The NSW Rural Fire Service says land management services were unable to complete up to two-thirds of the large-scale preventative burns planned for the region this winter due to "adverse" weather conditions and the early onset of fires.
While the NSW Government says it has met its overall target for hazard reduction burns in the state over the past four years, NSW RFS Inspector Ben Shepherd said the smaller window to complete burns this year emphasised the need for services and individuals to enact all precautionary strategies possible before future blazes.
The RFS is the coordinating authority for hazard reduction burns, assisting National Parks and Wildlife Services, councils, forestry and landholders.
Mr Shepherd said at least five of 18 planned large-scale burns went ahead in the lower hunter this winter.
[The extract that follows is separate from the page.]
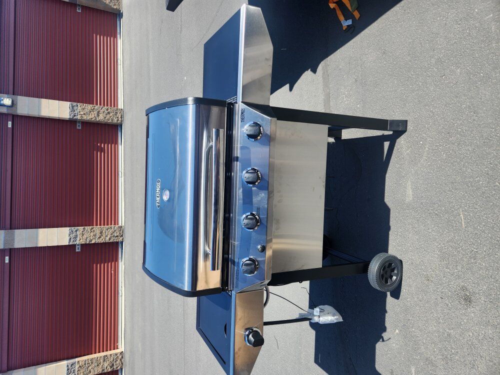 Brand: Thermos Number of burners: 4 Fuel type: Propane Dimensions: 32.60 x 29.10 x 19.90 Inches Material: Stainless Steel Conditio: New Grill type: Gas Grill Btu: 50000 Assembly req: N Features: Warming Rack

"There was rain and problems with adverse weather, the smoke would have just hung around for too long. And then the region started seeing fires from August 8," Inspector Shepherd said.
"Because we need to prioritise resources [for fires], it limits opportunities to do further burning. Because of the the dry, warm and windy weather I don't think we will see more hazard reduction burning in the region even until autumn."
He said drought had been a leading factor in the devastation of the recent fires.
"We've seen over 1.7 million hectares burnt already this fire season in the state, mostly in the state's north-east, compared to 286,000 hectares last fire season," he said. "Because of the dryness of the fuels, where there's fuel and drought that's where there is the highest amount of fire activity.
"We highlighted and conducted a very strong awareness campaign that the risk is very much in the forested ranges from the Victorian border to the Queensland border, which is concerning because the greatest population density also exists in those areas."
Mr Shepherd said commentary suggesting the state wouldn't have seen the spate of fires if more hazard reduction had been performed was incorrect.
"You can't just hazard reduction burn all things fire," he said. "Burns themselves don't stop fires, they reduce the intensity. We've seen the recent fires burning through areas where we performed hazard reduction as little as two years ago."
The importance of using a range of precautionary measures was increasing as the fire season seemed to be lengthening, he said, now "stretching from August through to April and even May".
Land use planning needs to take into consideration future climate risks.Dr Iftekhar Ahmed
"As we start to see changing of the season and a little bit of changing in the climate, we could see further reduced windows to conduct hazard reduction and that's why it's going to come down to individuals understanding their personal risk.
"There needs to be a variety of strategies used, mechanical clearing, asset protection zones and adherence to building requirements in bushfire-prone land," he said. "Then there's those most basic elements of residents clearing out their gutters, trimming back branches and mowing lawns.
"More than 90 per cent of homes burnt in fires are lost to ember attacks, which is largely due to homes being ill prepared - embers igniting in materials ready to burn."
Dr Iftekhar Ahmed, the program convener of the University of Newcastle's master of disaster resilience and sustainable development, said governments needed longer term plans to respond to the risk of unpredictable fire seasons.
He described the magnitude and timing of the recent fires as "very unusual" and said research had made the link between climate change and erratic weather conditions "quite clear".
"The hazard reduction, emergency warnings, community firefighting, volunteering, we are pretty good at that," Dr Ahmed said. "On the other hand, the rate of human settlement and growth of new suburbs in high-risk areas has been phenomenal. It's a real estate and planning problem. Land use planning needs to take into consideration future climate risks."
Currently, he said, regulation placed responsibility on individuals to be informed about their fire risk in years to come.
"Right now if you want to live in a high-risk area you are allowed to as long as you pay the price for making your home fire resilient. But no building is fire proof. The government has a much bigger role to play, you can't leave this up to the private sector and communities," Dr Ahmed said.